Поднимаясь по лестнице, Бериш, по взятой им моде, высокомерно сощурясь, придерживая шляпу, поигрывая тростью, рассказывал о прочих жертвах тройной драмы.

— Художник Давид Гейер, которого Романус пригласил расписывать этот дом, так щедро был им вознагражден за работу, что родная сестра, ему позавидовав, его отравила. Поспешив с похоронами, она возбудила подозрение. Гейера откопали — сестру казнили. Итак, три казни за красоту этого дома, в котором мы сейчас будем пить…

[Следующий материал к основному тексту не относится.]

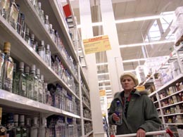 10月31日,一名消費者在俄羅斯首都莫斯科一家超市選購酒。俄羅斯各地自2006年8月以來一再發生假酒中毒事件,目前中毒人數仍在不斷增加,其中已有118人死亡。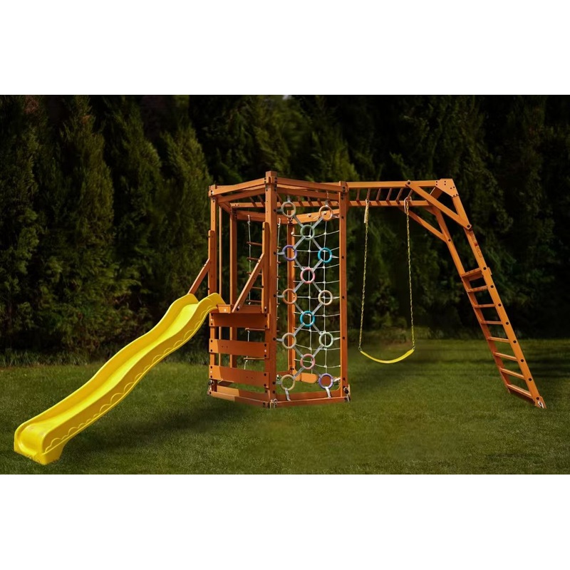 Transform your backyard into a private adventure zone with the Avenlur Hawthorn XL Outdoor Wooden Playseta complete playground experience designed for active kids. This multi-functional playset features a wave slide, classic swing, rock climbing wall, monk

— Однако мы не по заслугам попадаем вместо кофейни прямехонько в рай, — здесь ничего, кроме облаков! — возгласил Бериш, вступая в зал.

В комнате действительно было так сильно накурено, что даже сосед только сквозь сизый туман различать мог соседа. У всех изо рта до полу, как змея в каталепсии, свисали длинные чубуки с табаком. Пыхтели взапуски. Между затяжками тянули черное пиво. Огни многочисленных канделябров и стенных бра окружены были, как месяц в морозную ночь, радужным сиянием. Побеждая сизую мглу, поблескивали то здесь, то там пряжки туфель, шпоры военных, стальные аграфы, бриллианты перстней.

Одни сидящие за карточными столами не курили из чубуков. Они настороженно, как кошка за мышью, следили за рукой банкомета и за кучей горящего золота, переходящей то и дело к очередному счастливцу. Почти все были в длинных кафтанах, расстегнутых спереди, с двойным рядом пуговиц на парчовом камзоле или на жилете. При каждом движении тончайшего кружева белые жабо трепетали, как крылья громадных бабочек.

Едва завсегдатаи Рихтерскафе рассмотрели вошедших, как со всех сторон послышались восклицания:

— Серый дьявол с питомником!

— Ваше великолепие, гофмейстер Бериш…

И взапуски приглашали вошедших к своим столам.

Здесь были студенты четырех университетов; каждый отличен был от других особой славой, в чем удостоверяла большая гравюра, висевшая на стене. На гравюре во весь рост стояли четверо собирательных представителей своих университетов с отличающими их атрибутами.

Лейпцигский студент, вывернув ноги, как танцмейстер, закрутив локоны, изогнувшись в поклоне, держа шляпу под мышкой, истекал галантностью.

Студент из Галле, где победили сейчас ханжи пиетисты, скроив постную рожу, отворачивался от женщин, книг и бутылок, между тем как виттенбержец, хмельной молодец, облизывался на полный бокал. Студент из Иены, кичившейся фехтовальщиками, делал шикарный «выпад». Под гравюрой кто-то громко читал стихотворное пояснение текста, из которого слушатель узнавал, что в Лейпциге бурш не дурак приударить за девочкой, между тем как в Галле царит вечная постная мода на «ахи» и «охи»… В городе Иене пальму первенства получал всегда фехтовальщик, а в Виттенберге — пьяница-весельчак:

In Leipzig sucht der Bursch die Mädchen zu betrügen,

In Halle muckert er und seufzet ach und weh!

In Jena will er stets vor blanken Klinge liegen,

Der Wittenberger kriegt ein «à bonne amitié»!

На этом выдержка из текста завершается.